Note 2 – SUMMARY OF SIGNIFICANT ACCOUNTING POLICIES
Cash and Cash Equivalents
The Company considers all highly liquid debt instruments purchased with a maturity of three months or less to be cash equivalents.
Investments
Marketable Securities:
The Company classifies its debt and marketable equity securities in one of three categories: trading, available-for-sale and held-to-maturity. Trading securities are bought and held principally for the purposes of selling them in the near term. Held-to-maturity securities are those securities in which the Company has both the ability and intent to hold the security until maturity. All other securities not included in trading or held-to-maturity are classified as available-for-sale.
Trading and available-for-sale securities are recorded at fair value. Unrealized gains and losses on trading securities, which consist primarily of equity securities, are reported in current earnings.

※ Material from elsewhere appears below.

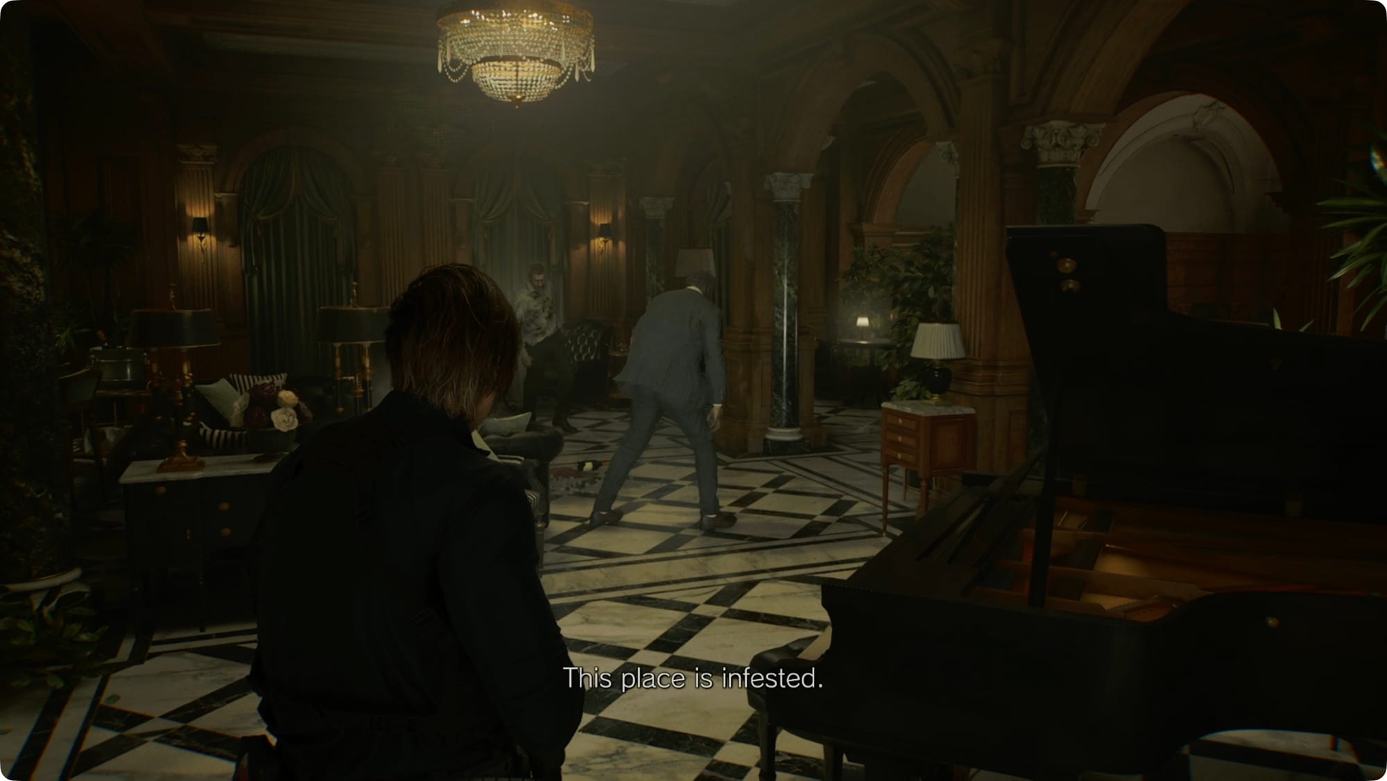 Take a right and handle the trio of zombies in the Bar & Lounge. The singer will drop an Antique Coin, but Leon can’t pick it up. There’s a Green Herb on the far side.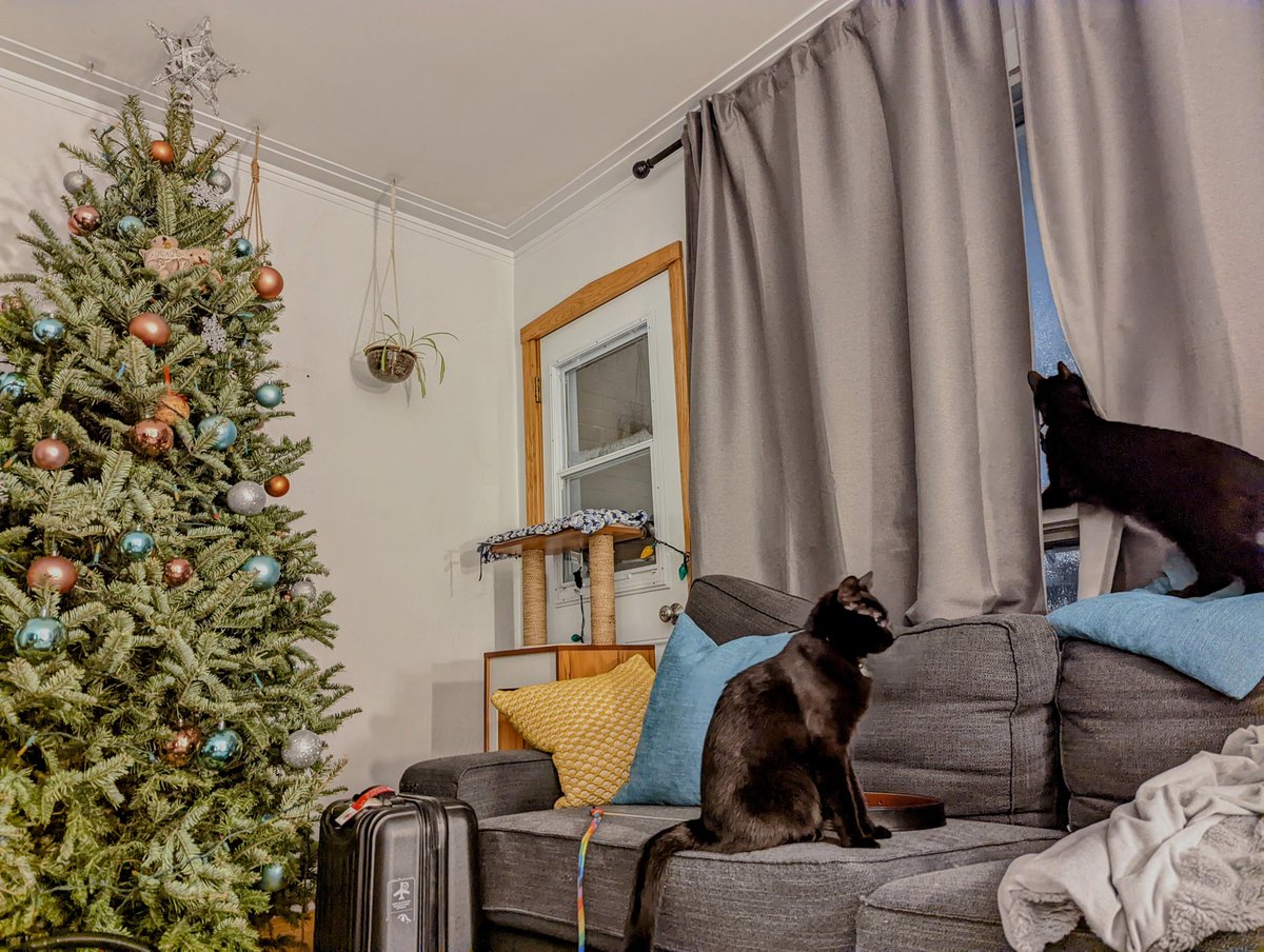 Time to crash to wake up early, the air mattress does seem to lose air quickly with both of us on it but shhh don't want to make a fuss so i moved to the couch to stem the losses. Also having two curious cats prowling about is distracting but they're adorable....cat tax pic:

Unrealized gains and losses on available-for-sale securities, which consist almost entirely of U.S. Government securities, are reported as a component of other comprehensive income when significant to the financial statements.
Equity Investments:
The Company accounts for its non-marketable investment in a partnership on the equity basis. See Note 7 for additional information.
Receivables and Revenue Recognition
Oil and gas sales and resulting receivables are recognized when the product is delivered to the purchaser and title has transferred. Sales are to credit-worthy major energy purchasers with payments generally received within 60 days of transportation from the well site. Historically, the Company has had little, if any, uncollectible receivables; therefore, an allowance for uncollectible accounts has not been provided.
Property and Equipment
Oil and gas properties are accounted for on the successful efforts method. The acquisition, exploration and development costs of producing properties are capitalized. The Company has not, historically, had any capitalized exploratory drilling costs that are pending determination of reserves for more than one year. All costs relating to unsuccessful exploratory wells, geological and geophysical costs, delay rentals, and abandoned properties are expensed. Lease costs related to unproved properties are amortized over the life of the lease and are assessed for impairment periodically. Any impairment of value is charged to expense.
Depreciation, depletion and amortization of producing properties are computed on the units-of-production method on a property-by-property basis. The units-of-production method is based primarily on estimates of proved reserve quantities. Due to uncertainties inherent in this estimation process, it is at least reasonably possible that reserve quantities will be revised in the near term. Changes in estimated reserve quantities are applied to depreciation, depletion and amortization computations prospectively.
Other property and equipment are depreciated on the straight-line, declining-balance, or other accelerated methods as appropriate.
The following estimated useful lives are used for the different types of property:
Office furniture & fixtures
|
5 to10 years
|
Automotive equipment
|
5 to 8 years
|
Impairment losses are recorded on long-lived assets used in operations when indicators of impairment are present. The Company uses its oil and gas reserve reports to test each producing property for impairment annually. See Note 10 for discussion of impairment losses.
Income Taxes
The Company utilizes a liability approach to calculating deferred income taxes. Deferred income taxes are provided to reflect temporary differences in the basis of net assets and liabilities for income tax and financial reporting purposes. Deferred tax assets are reduced by a valuation allowance if a determination is made that it is more likely than not that some or all of the deferred assets will not be realized based on the weight of all available evidence.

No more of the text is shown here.